Release 2[1] has a number of components which implement its high-availability cluster management capabilities. This page provides an overview of the architecuture into which these components fit.
The components are as follows:
heartbeat - strongly authenticated communications module
CRM - Cluster Resource Manager
CCM - Strongly Connected Consensus Cluster Membership
LRM - Local Resource Manager
Stonith Daemon - provides node reset services
logd - non-blocking logging daemon
apphbd - application level watchdog timer service
Recovery Manager - application recovery service
CTS - Cluster Testing System - cluster stress tests
Special Glib notes
Function: startup, shutdown, strongly authenticated communication.
Provides locally-ordered multicast messaging over basically any media - IP-based or not.
Currently talks over the following media plugin types:
unicast UDP[2] ipv4
broadcast UDP[3] ipv4
multicast UDP[4] ipv4
serial[5] links (non-IP) - great for use with firewalls, etc. that play with iptables.
openais[6] - uses OpenAIS[7]' evs communication layer as a communication medium.
ping[8] - pings an individual router - allows us to treat it as a pseudo-member.
ping_group[9] - similar to ping except if any in group is up, then the group is up
hbaping[10] - "pings" a fiber channel disk for connectivity
Heartbeat can detect node failure reliably in less than a half-second. With the low-latency patches, (and maybe a bug fix or so), that time could be lowered significantly.

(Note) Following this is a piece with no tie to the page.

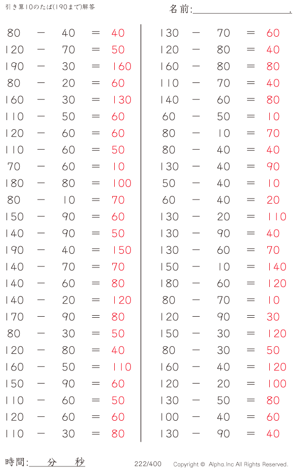 上記のボタンから「引き算10のたば(190まで)」の算数数学ドリル・計算ドリル(PDFプリント)がダウンロードできます。個人利用は無料です(家庭以外での配布は有料です)。

It will register with the system watchdog timer if configured to do so.
The heartbeat layer has an API which provides the following classes of services:
The Cluster Resource Manager[11] (CRM) is the brains of Linux-HA. It maintains the resource configuration, decides what resources should run where, how to move from the current state into the state where they are running where they ought to be. In addition, it supervises the LRM in accomplishing all these things. The CRM interacts with every component in the system:
It uses heartbeat for communication
It receives membership updates from the CCM.
It directs the work of and receives notifications from the LRM.

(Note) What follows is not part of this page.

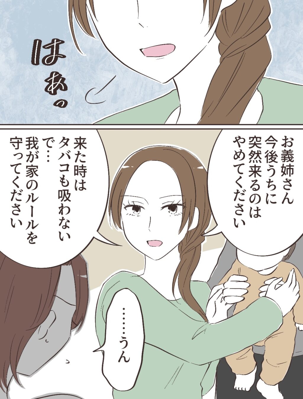 私はチエさんに「お義姉さん、今後うちに突然来るのはやめてください。来た時はタバコも吸わないで・・・我が家のルールを守ってください。」と守ってほしいことを伝えました。私の話を聞いてチエさんは素直に「・・・うん」と返事をしてくれました。
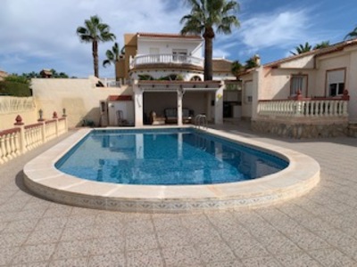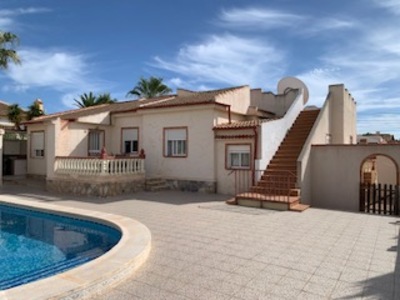 For sale: beautiful 3 bedroom villa in the sought after area of San Luis, Torrevieja. This property features a spacious kitchen, a cozy living room, and a separate dining room. Enjoy the luxery of a private 10x5 meter swimming pool, perfect for relaxing and cooling off. The 800 m2 plot offers ample outdoor space, ideal for gardening, sunbathing or outdoors activities. Situated in a quit and popular area, close to amenities such as shops, restaurants and beaches. Perfect as a permanent home or holiday home!

It tells the Stonith Daemon when and what to reset
In effect, the PE, TE, and CIB can be viewed as components of the CRM.
The primary goal of the policy engine[12] is to compute a transition graph[13] from the current state of the world. This transition graph takes into account the current location and state of resources, availability of nodes and current static configuration (aka the CurrentClusterState[14]).

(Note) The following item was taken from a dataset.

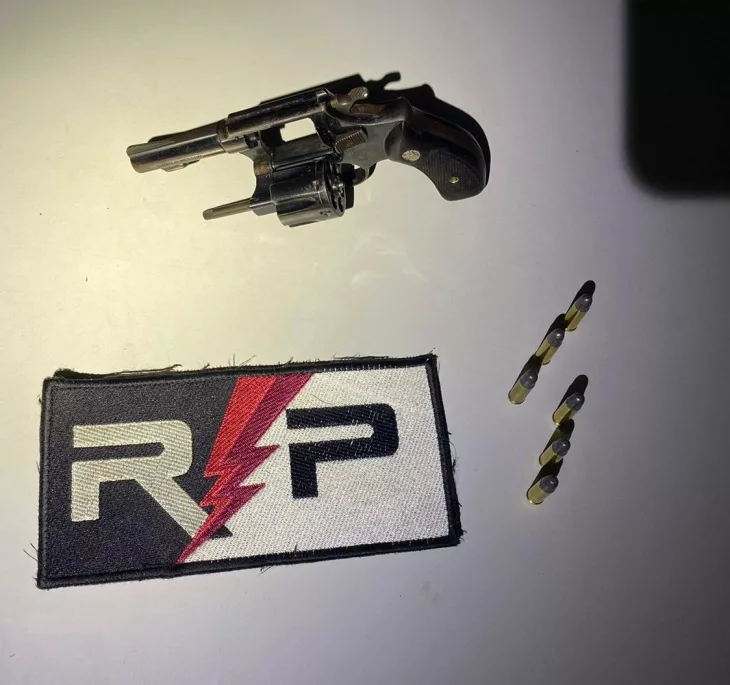 Diante da situação, a guarnição foi até o local e flagrou um dos homens em posse de uma arma de fogo no terreno. Ele foi detido e, com ele, um revólver calibre 32 foi apreendido, com seis munições.

The Transition Engine effectively executes the transition graph[13] produced by the PE - to make it's dreams a reality. That is, it takes a computed next state for the cluster and the list of actions and attempts to reach it by instructing the LRM on remote nodes to start and stop resources.
The CIB[15] is an automatically replicated repository for cluster resource and node information as seen by the CRM. This information includes static information such as dependencies, and more dynamic information such as what resources are running where, and what their states are.
All the information in the CIB is represented in XML for maximum usability. We have an annotated DTD[16] which defines all the information we currently manage in the CIB.
Because of this, many of the features of the CRM can be understood by reading the annotated DTD.
Provides strongly connected consensus cluster membership services. Ensures that every node in a computed membership can talk to every other node in this same membership. Implements both an OCF draft membership API, and the SAF AIS membership API. Typically it computes membership in sub-second time.
The Local Resource Manager[17] is basically is a resource agent abstraction. It starts, stops and monitors resources as directed by the CRM.
It has a plugin architecture, and can support many classes of resource agents. The types currently supported include:
be used by the StonithDaemon[18].
Other types are readily added for compatibility with other systems.
The STONITH[19] daemon provides cluster-wide node reset facilities using the improved release 2 stonith API.
The Stonith library includes support for around a dozen types of 'C' STONITH plugins and native support for script-based plugins - allowing scripts in any scripting language to be treated as full-fledged STONITH plugins.
The Stonith Daemon locks itself into memory, and 'C' based plugins are pre-loaded by the stonith daemon so that no disk I/O is required for a STONITH operation using 'C' methods.
The Stonith Daemon provides full support for asymmetric STONITH configurations - allowing for the possibility that certain STONITH devices may be accessible from only a subset of the nodes in the cluster.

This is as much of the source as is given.